What is a safe amount of vitamin C during pregnancy? In her keynote speech for 2017 LiveAware Expo (San Francisco, California), Suzanne Humphries, MD, discussed the medical literature that she was able to track down regarding supplemental vitamin C use during pregnancy. She had received multiple questions from women via email about safe dosage, rebound scurvy, and concerns that too much C might cause spontaneous abortion.
Guinea pig studies indicate that a newborn whose mother was on high-dose vitamin C supplementation during pregnancy can experience a rebound effect if supplementation is discontinued after birth. Like humans, guinea pigs do not produce vitamin C in their bodies. Pups whose mothers were given the human equivalent of 1500 mg/day throughout pregnancy developed scurvy after birth four days sooner than pups from mothers without supplementation (Norkus 1975, PMID 1060409). Pups whose mothers received supplementation during pregnancy metabolize ascorbic acid at a faster rate than those who do not (Norkus 1981, PMID 7218035), which explains why the pups from supplemented mothers developed signs of scurvy sooner. This evidence of "rebound scurvy," is one reason that people who take high doses of ascorbic acid for extended periods are advised to reduce the dose gradually rather than stopping abruptly.
The sole report about spontaneous abortion apparently originated with a Russian study that Humphries was in the process of acquiring at the time of her talk. That being said, Humphries referred to the 2015 Cochrane review on vitamin C use in pregnancy that reported "no convincing evidence" of harms (Rumbold 2015, PMID 26415762). Also, Rumbold et al found good evidence from eight high-quality studies that supplementation (1000 mg/day, according to Clemetson) produced 36% relative reduction in placenta abruption.
In addition to the Cochrane review, Frederick R. Klenner wrote about his use of high-dose vitamin C in 300 women (J Applied Nutrition, Winter 1971;23(3&4)). The women took about 4,000 mg/day (divided doses) in the first trimester, 6,000 mg/day in the second trimester, and 8,000-10,000 mg/day (with about 20% taking 15,000 mg) in the third trimester. Eighty percent of the women also received booster injections of 10,000 mg upon arriving at the hospital. No miscarriages occurred. In this study, Klenner said, "Observations made on over 300 consecutive obstetrical cases using supplemental ascorbic acid, by mouth, convinced me that failure to use this agent in sufficient amounts in pregnancy borders on malpractice." Humphries notes that Klenner undoubtedly made sure that the mothers continued to take vitamin C after delivery, avoiding any rebound effects for mother and breastfeeding infant.
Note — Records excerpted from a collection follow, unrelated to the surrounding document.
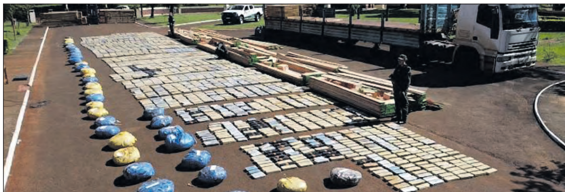
Dos hombres, quienes viajaban hacia Buenos Aires, quedaron detenidos.

Es el tercer secuestro de grandes cantidades de cannabis sativa, los cuales fueron detectados en las provincias de Misiones y Corrientes bajo la misma modalidad. Los funcionaron al inspeccionar el semirremolque de un camión, mediante el uso del escáner de la Fuerza y con la marcación positiva del can "León", descubrieron la existencia de cajones de madera aserrada donde se acondicionaban 2.836 paquetes rectangulares y amorfos con la droga.
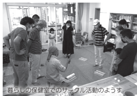
暮らしの保健室でのサークル活動の様子
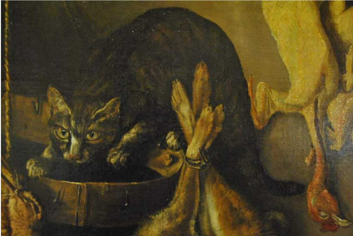
Detalle inicial se aprecia la oxidación del barniz.
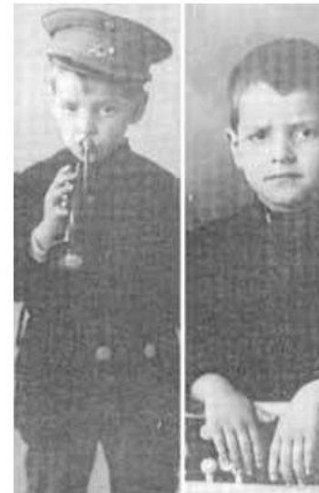
Arrupe nació en la calle Pelota de noviembre de 1907. Imágenes de

Según Arrupe, la Iglesia no podía dar la espalda a las injusticias humanas, y debía ser verdaderamente profética, denunciando cualquier injusticia, y tratando de transformar el mundo en un lugar más justo. Sin embargo, para algunos críticos del general jesuita, el giro social significaba olvidarse de la fe y abandonar
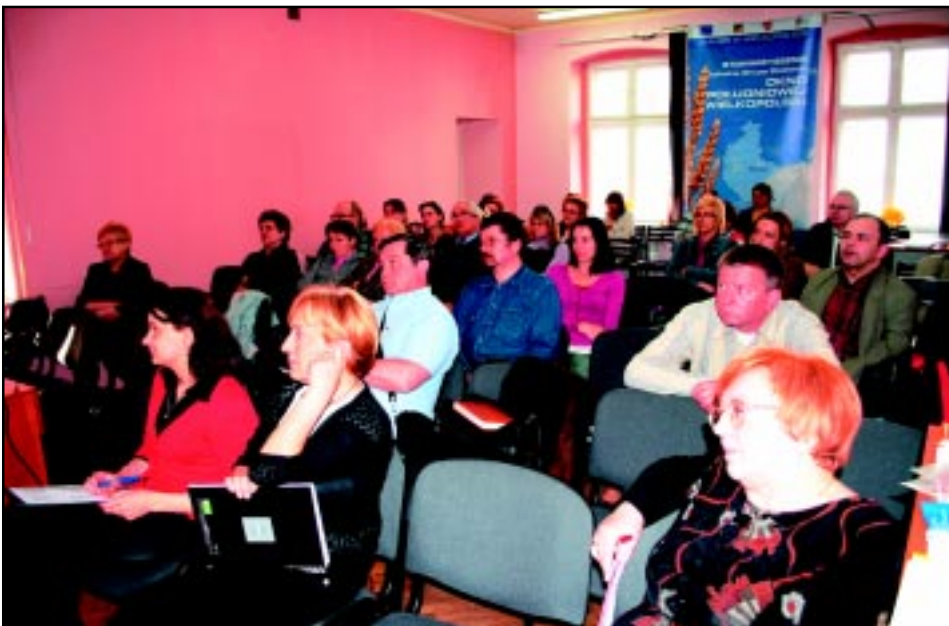
Powiatowe Forum Organizacji Pozarządowych - kwiecień 2010.

Vitamin C is vital for the growth and repair of all tissue, as well as being an antioxidant and an anti-viral. The amniotic fluid contains three times the amount of C found in the mother's blood. The placenta after birth and cord blood have twice the maternal blood level. The stress of labor and vaginal delivery uses up a lot of this antioxidant. Babies often display jaundice due to high bilirubin levels after birth. Bilirubin, produced in the body, is also a strong antioxidant that neutralizes free radicals. Supplementation with vitamin C during pregnancy with 500 mg/day reduces the incidence of neonatal jaundice (Garbelli 1957, PMID 13420320).
Dr. Humphries advises women to "start slow and low" in order to learn their own tolerance for vitamin C supplementation. Women with type 1 diabetes or who smoke, use alcohol, and/or eat a lot of carbohydrates have a need for more vitamin C. Sugars--even from carbohydrates like sweet potatoes--compete with vitamin C's entry into cells. She encourages people to include high-vitamin-C food sources (i.e. red peppers, kiwi fruit, and parsley) in a diet of organic, low-processed foods. Humphries, board-certified in nephrology and internal medicine, recommends that people hydrate/drink water before taking vitamin C supplements to protect the kidneys. In other lectures, she reports finding little evidence that ascorbic acid or sodium ascorbate cause kidney stones but advises hydration to be on the safe side. Finally, she says to taper the dosage down, rather than stopping abruptly, to avoid rebound effects.
Although the placenta has been long recognized as a conduit for nutrition from mother to fetus, its role as a neuroendocrine organ and regulator of the fetus' environment and development is new territory. That conduit linking the mother's blood supply to the fetus' does not become active until about 10 weeks gestation, but placental cells have a major role in pregnancy success from the very beginning. With current molecular and imaging technologies, researchers are investigating placental changes in structure and function that occur throughout pregnancy. They are also looking at environmental factors that affect the placental epigenome, fetal development, and infant health. "Epigenetic studies are starting to show links between the placental epigenome and a number of infant health markers," says journalist Lindsey Konkel. "Variations in DNA methylation patterns in certain gene regions have been associated with infant birth weight, gestational age at birth, and neurobehavioral measure."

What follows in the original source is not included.